In what HHS’s Office of Civil Rights (OCR) called its largest settlement ever against a single entity for HIPAA violations, Downers Grove, Illinois-based Advocate Health Care has agreed to pay $5.55 million for three data breaches which exposed the health records of more than four million people.

The investigation began in 2014, after the third breach was reported. OCR said Advocate, the largest hospital chain in Illinois, failed to conduct a thorough risk analysis for vulnerabilities to all its protected health information held electronically and didn’t have written contracts with business associates assuring health information in their possession would be protected.

The single biggest accusation of lax data security Advocate faced was related to its data center.
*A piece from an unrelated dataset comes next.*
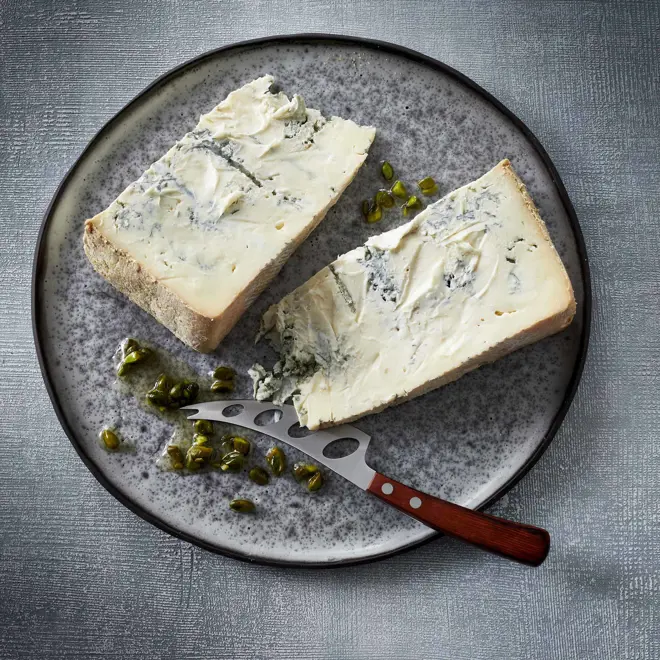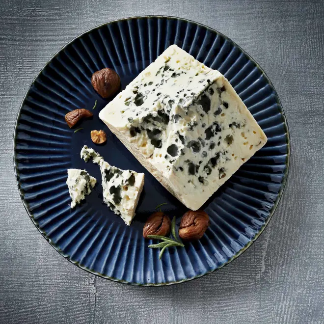 The history of blue cheese goes back to the 7th century, to a cave outside the village of Roquefort in France. Legend has it that a distracted shepherd forgot his lunch of bread and cheese in the cave. When he returned a few months later, the cheese had become infested with penicillium roqueforti, a mould that was growing in the cave. Today this natural mould is refined and used for almost all blue cheeses simply by adding the mould culture to the cheese milk. For the cheese to turn blue, oxygen must reach the inside of the cheese. This is often done by piercing the cheese with thin needles or skewers. The blue mould then matures inside the air tunnels, developing flavour as it ages. Most mould-containing cheeses take 3 to 6 months to mature. In blue cheese, this happens from the inside out.

OCR said the company didn’t have policies in place to limit physical access to Touhy Support Center in Park Ridge, Illinois, which allowed four computers containing the protected information of more than 3.9 million people to be stolen on July 15, 2013. The stolen information included patient names, insurance records, addresses, credit card numbers and their expiration dates, dates of birth, and clinical records.
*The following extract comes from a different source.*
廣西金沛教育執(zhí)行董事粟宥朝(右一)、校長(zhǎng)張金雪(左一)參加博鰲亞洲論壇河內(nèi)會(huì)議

In another instance, OCR said an unencrypted laptop was left in an unlocked car overnight by an employee of an Advocate subsidiary, Advocate Medical Group, which the agency said constitutes a failure to “reasonably safeguard” the protected information of more than 2,200 people.

The “extent and duration of the alleged noncompliance” is what led to such a large settlement, according to OCR.
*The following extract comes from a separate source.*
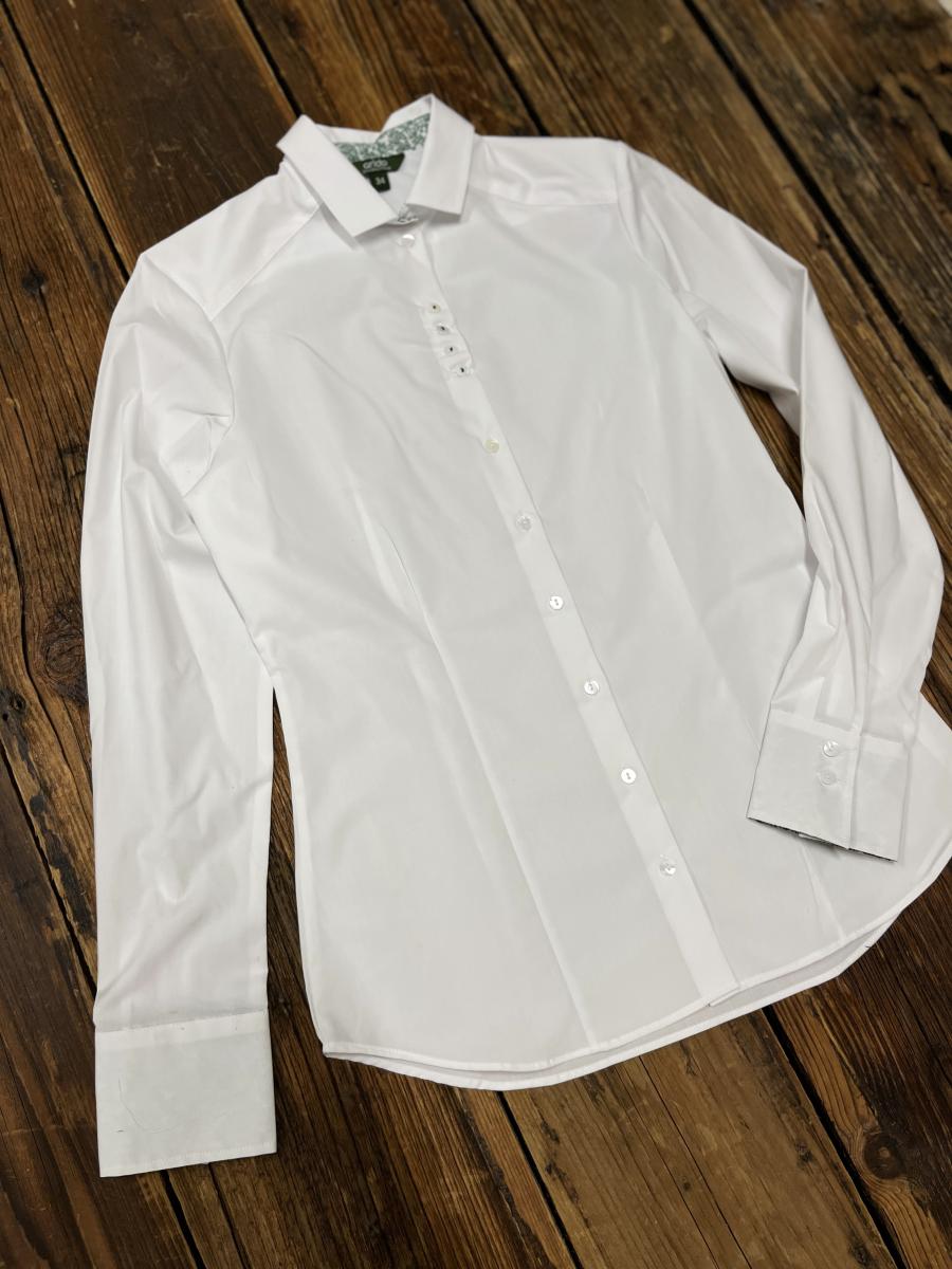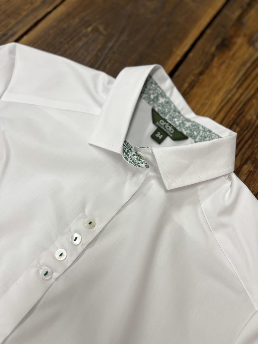 Damenbluse in weiß mit Zierknöpfen im Dekolleté

“We hope this settlement sends a strong message to covered entities that they must engage in a comprehensive risk analysis and risk management to ensure that individuals’ ePHI is secure,” said OCR Director Jocelyn Samuels.

Along with the settlement, Advocate doesn’t have to admit liability, but will implement a corrective action plan to correct the security gaps identified by OCR. That plan will require conducting a risk analysis within 180 days, along with reviewing and revising policies on devices which can transmit or store protected health information and access to its data center.